** Records to use follows **

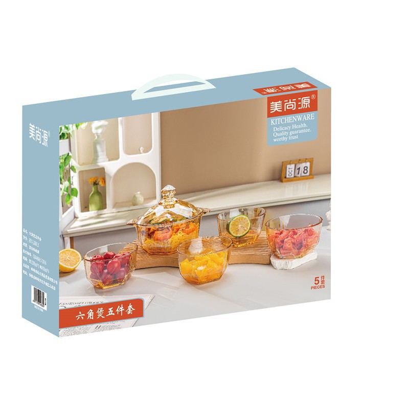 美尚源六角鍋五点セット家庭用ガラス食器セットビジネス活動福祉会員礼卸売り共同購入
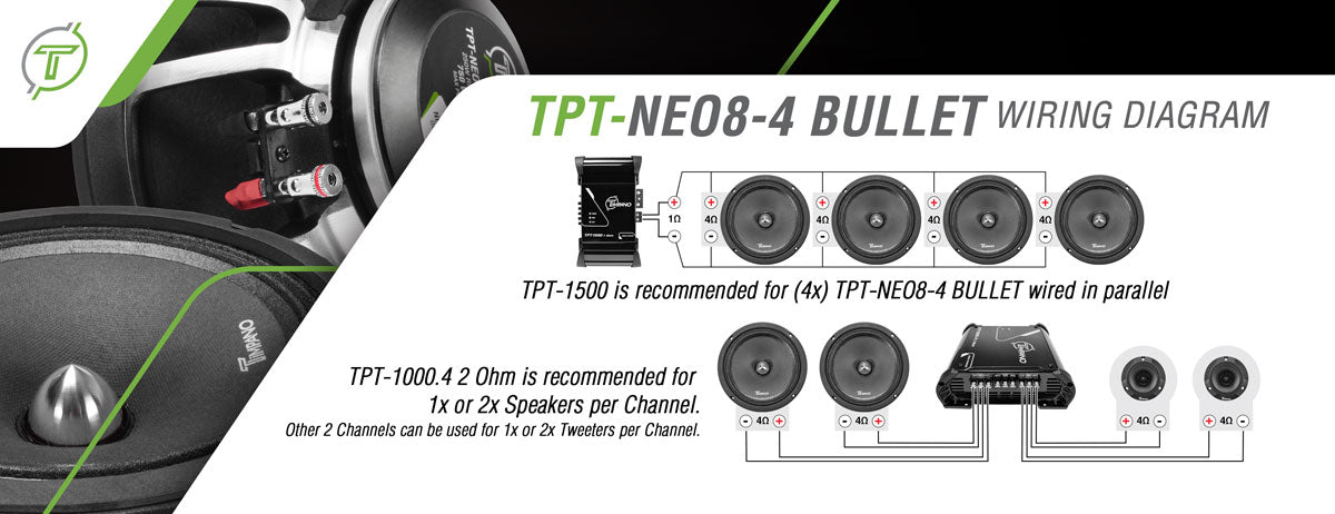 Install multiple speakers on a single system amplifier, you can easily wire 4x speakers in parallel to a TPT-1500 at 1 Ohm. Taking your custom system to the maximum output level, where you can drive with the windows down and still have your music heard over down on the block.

** End of Records to use **
** Records to use follows **

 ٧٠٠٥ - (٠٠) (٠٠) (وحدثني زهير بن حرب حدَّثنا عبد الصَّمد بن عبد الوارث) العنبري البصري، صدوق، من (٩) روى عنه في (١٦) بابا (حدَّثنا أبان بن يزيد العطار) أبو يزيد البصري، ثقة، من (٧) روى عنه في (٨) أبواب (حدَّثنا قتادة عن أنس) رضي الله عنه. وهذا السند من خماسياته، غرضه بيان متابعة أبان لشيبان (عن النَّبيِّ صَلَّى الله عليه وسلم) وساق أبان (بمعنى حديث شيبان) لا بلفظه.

** End of Records to use **

What the exercise asks: Excluding any pictures, print exactly the lines of the listing above from the line with "美尚源六角鍋五点セット家庭用" to the line with "Install multiple speakers", both ends included.

Solution to this exercise:
 美尚源六角鍋五点セット家庭用ガラス食器セットビジネス活動福祉会員礼卸売り共同購入
 Install multiple speakers on a single system amplifier, you can easily wire 4x speakers in parallel to a TPT-1500 at 1 Ohm. Taking your custom system to the maximum output level, where you can drive with the windows down and still have your music heard over down on the block.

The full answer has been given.